Telescope Hill TowerA famous landmark at the time was the forest ranger tower that was built in 1918 on “telescope hill”. It was selected as the first of several towers built during that time due to it’s elevation to help spot forest fires quickly. It’s elevation was 300′ above sea level and the tower itself added 75′. A fire spotter could see Connecticut to the north and the Atlantic Ocean to the south and if a fire was spotted from shore to shore could notify the NY State Conservation Dept’s Park Ranger to sound the alarm. The tower itself had an open metal staircase. It was first manned by Al Lucas of Selden in 1919 and he was paid $90.20 a month. He was followed by Frank Forsyth who was the spotter from 1920 until 1948. He was compensated $100 to $172.30 by the time he tired of climbing all those stairs!! He reported 67 fires from his perch in 1934. There were three more spotters paid to stand watch until the tower was deemed obsolete in 1960 and was torn down due to suburban expansion. A radio tower now sits near that spot as we climb the hills of Adirondack Drive and reach the summit at 334′ above sea level.Radio station WALK FM broadcasts their signal from this tower. It is the second highest point on LI behind Jaynes Hill in West Hills which is 401′ above sea level. That area is part of the Harbor Hill Moraine which meets up with the Ronkonkoma Moraine in the center of our Long Island.

In 1897 a stagecoach stop was opened for travelers who took the LIRR and wanted to travel north. It was located in Selden at about the spot across the street from the Westfield Shopping Center. It was called The Wheelman’s Rest Hotel. Soon after It was proposed by both the Towns of Port Jefferson and Patchogue to build a bicycle path from both the north and south sides of Wheelmans Rest.

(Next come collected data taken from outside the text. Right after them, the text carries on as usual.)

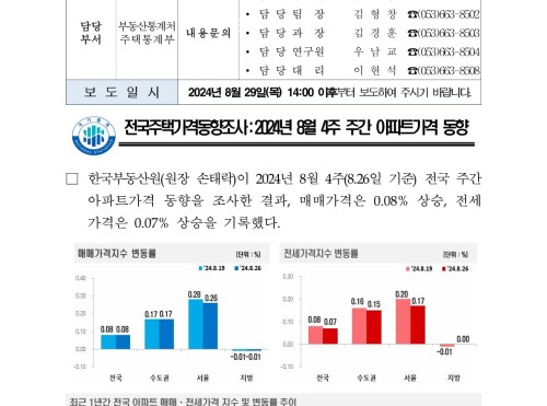 [24년8월30일] 전국 주간 아파트가격 동향 (2024.08.26기준)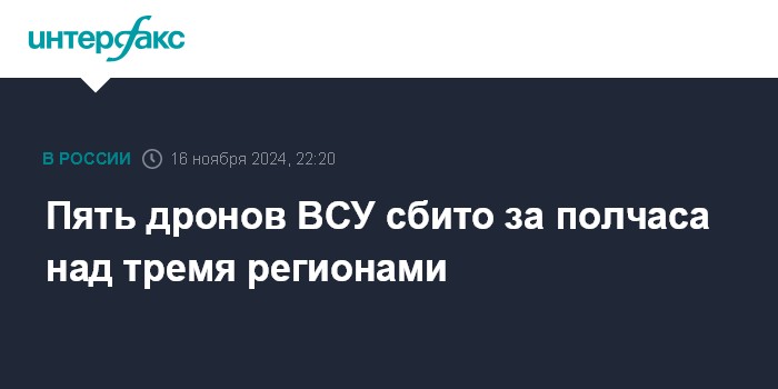 Пять дронов ВСУ сбито за полчаса над тремя регионами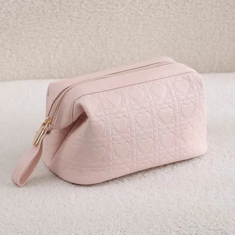 The women’s cosmetic bag, code 2897, with its heart-shaped design, is one of the most attractive and stylish products among cosmetic bags. This practical bag is an ideal choice for individuals who value organizing their daily cosmetics. Made from PU material, it not only has a chic and modern appearance but is also resistant to water and moisture. The interior of the bag is designed with a polyester lining that is easy to clean and highly durable. This bag features a golden zipper and a wrist strap, making it easy to carry.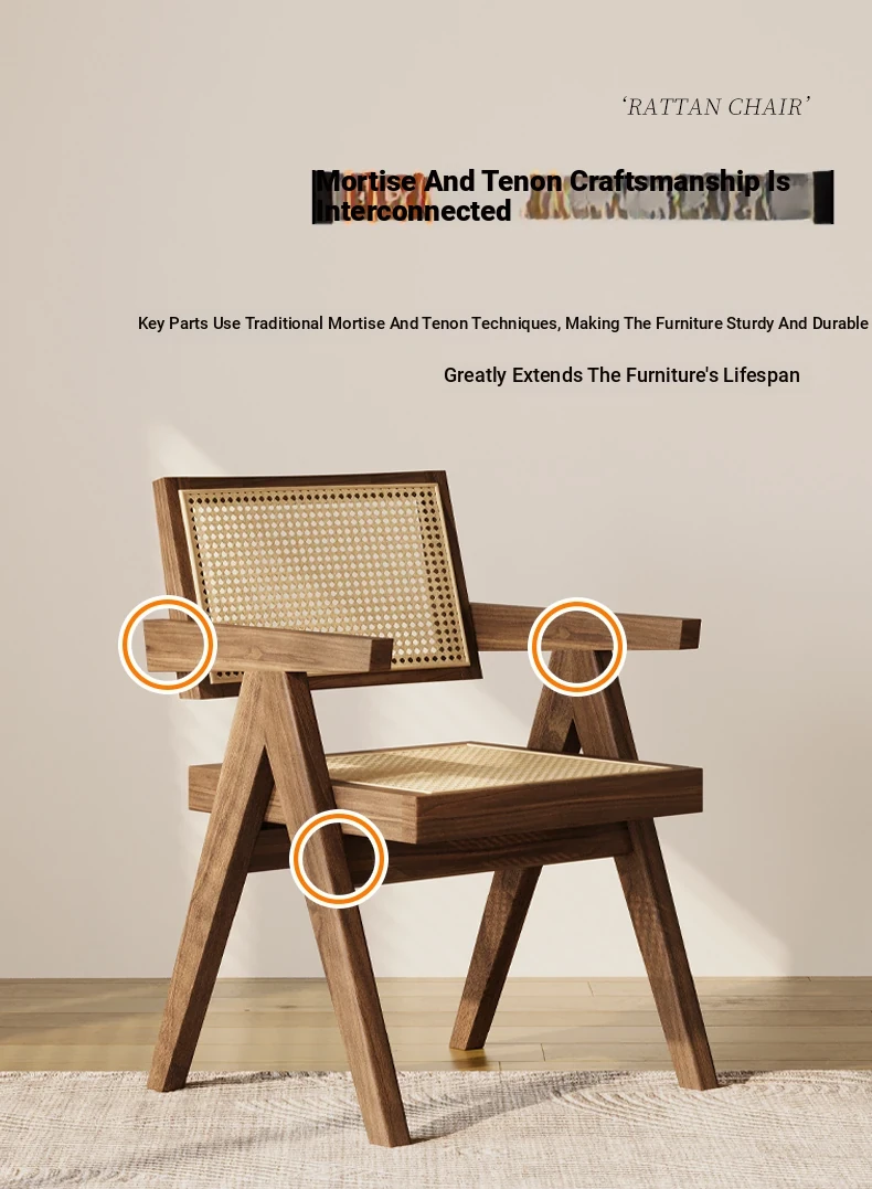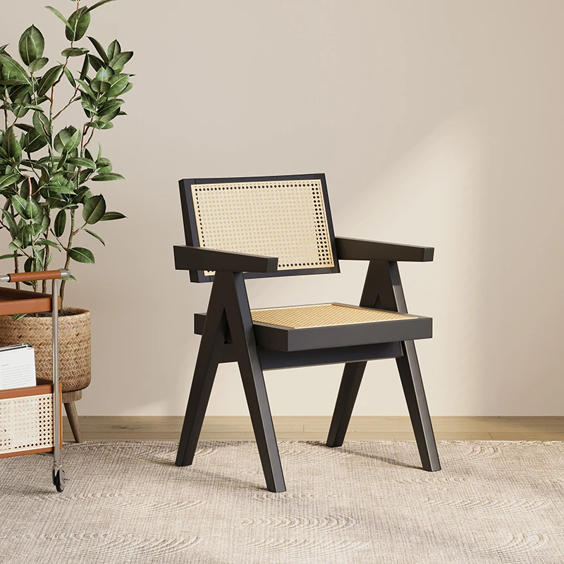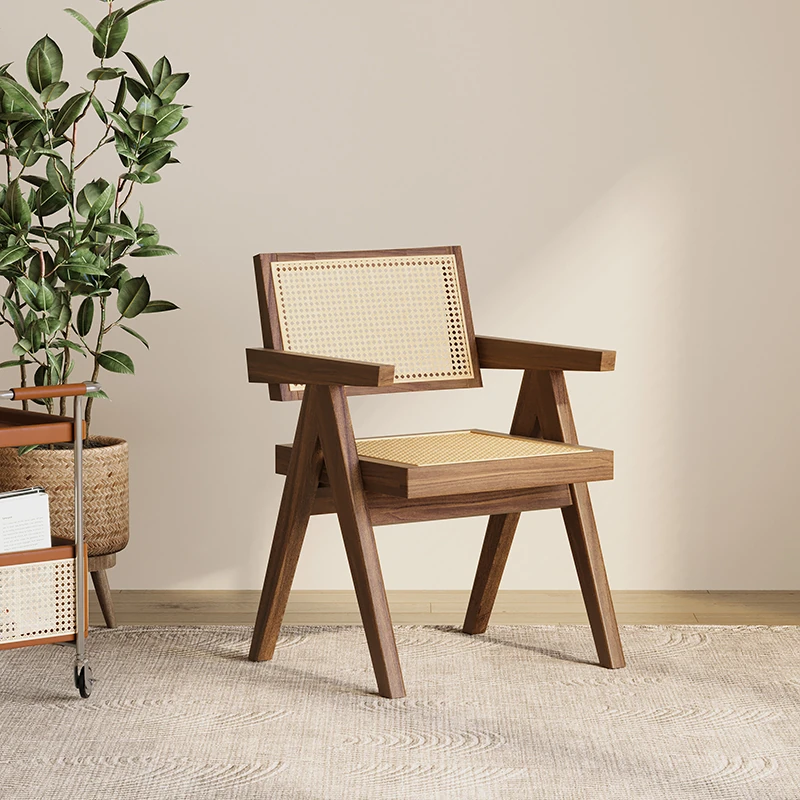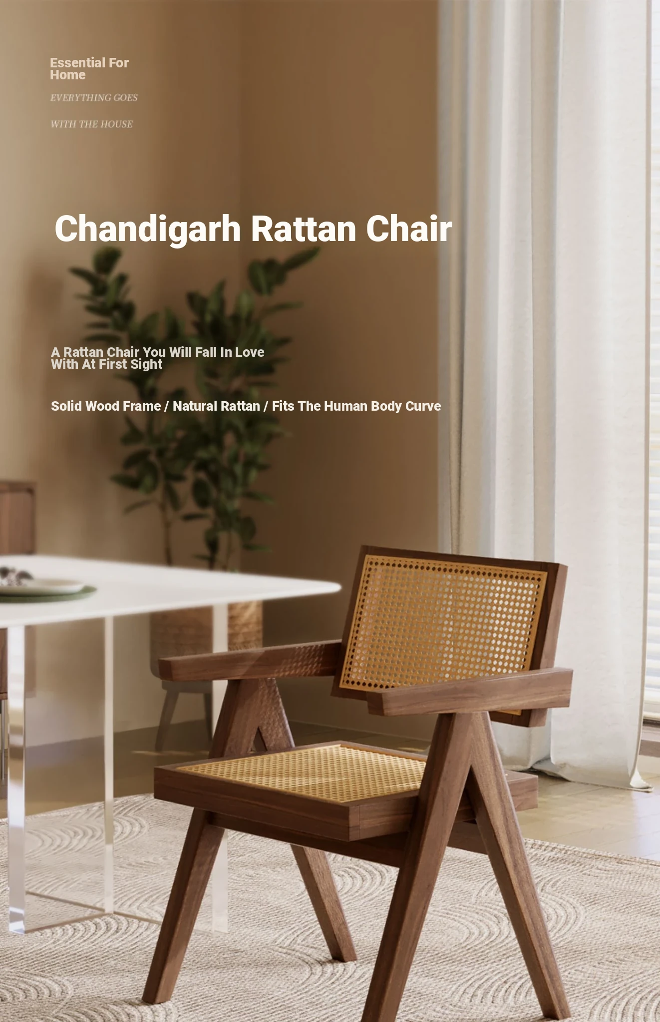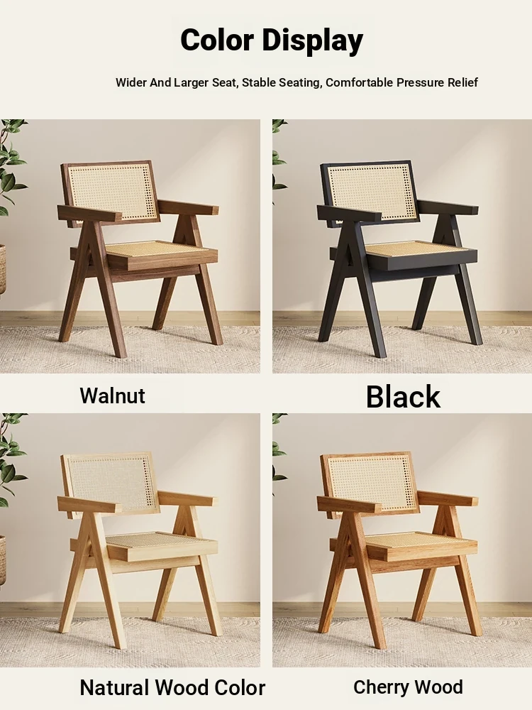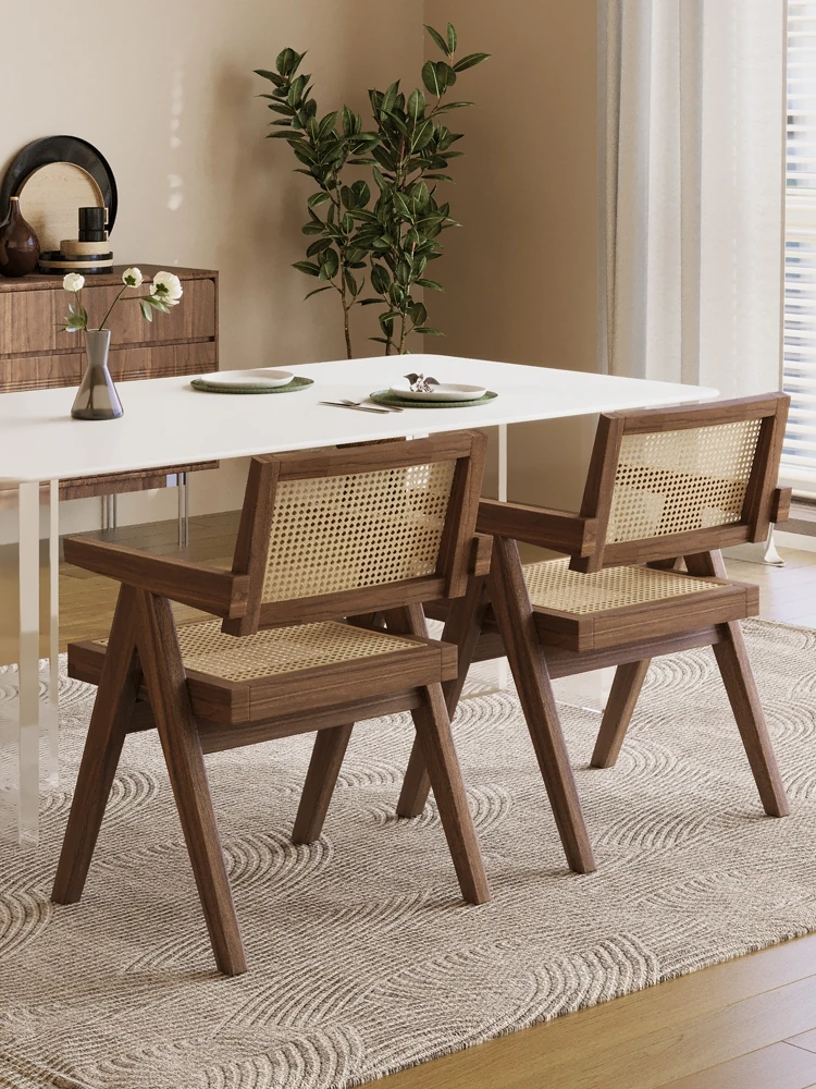 Vintage Rattan Dining Chair - Retro Solid Wood Backrest for Home, Balcony, and Leisure Tea Time - Trendy Chandigarh Chair for a Cozy Ambiance
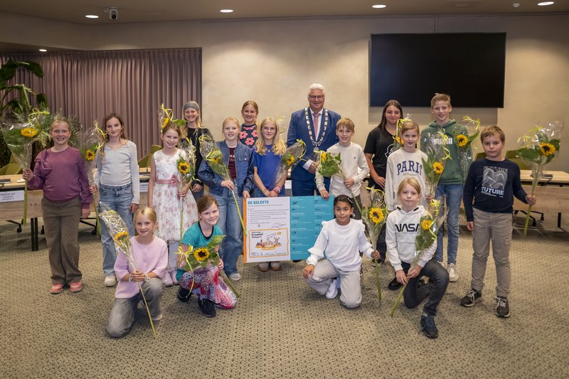 Op de foto staan v.l.n.r. Fabiënne, Silvi, Leonie, kinderburgemeester Rian, Feline, Willemijn, Benthe, burgemeester Jan Zwiers, Fenn, Alisa, Maud, Syb en Ruben en daarvoor v.l.n.r. Roos, Hannah, Limar en Alex.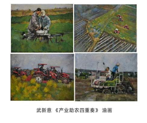 我院2019级美术教育专业初专1班武新意同学的作品《乡村四重奏》、2022级美术教育高专2班刘昊邦同学的作品《武康大楼》;李巍老师的作品《文明传递》、刘念老师的作品《大别山春雨行》入展。

The path was very popular in it’s day and hosted many cycling events as bicycling became more and more popular. The Port Jeff Echo newspaper wrote in 1896 “with a good path built it will bring hundreds to our village every week….cyclists from the south side will frequently visit us and the CT shore and our hotels and business people will reap a benefit from these added transient travelers”. A trolley line was even proposed to run parallel to the bike path but never came to be.

Proposed Trolley Lines
Proposed Trolley Lines

In 1932 the NY Times reported that “the Town of Brookhaven Board decided to close a 70′ portion of the old obscured bike path. The remainder of the path remains but is never used except by Boy Scouts out on hikes following the path over Bald Hill as a short cut to the north shore.”The path was eventually paved over but the terrain is still travelled except for a break just off of Ormond Drive a few hundred feet east of Adirondack and Ormond where our Callaghan Hill begins. From Patchogue ,where the path originates as Old Medford Rd to where it turns into South Bicycle Path as you enter Farmingville, the paved road ends at a cul de sac after reaching Ormond Drive. You pick up the path again as North Bicycle Path as you exit the Westfield Shopping Center and head directly north. The path terminates when it reaches Route 112 at the Port Plaza shopping center. Overall the path runs 9.7 miles allowing for a connection between the two paths via Janice Lane and Blue Point Road to get to the north section.

Wouldn’t it be grand to walk/run/cycle on the route our predecessors took over one hundred years ago!!?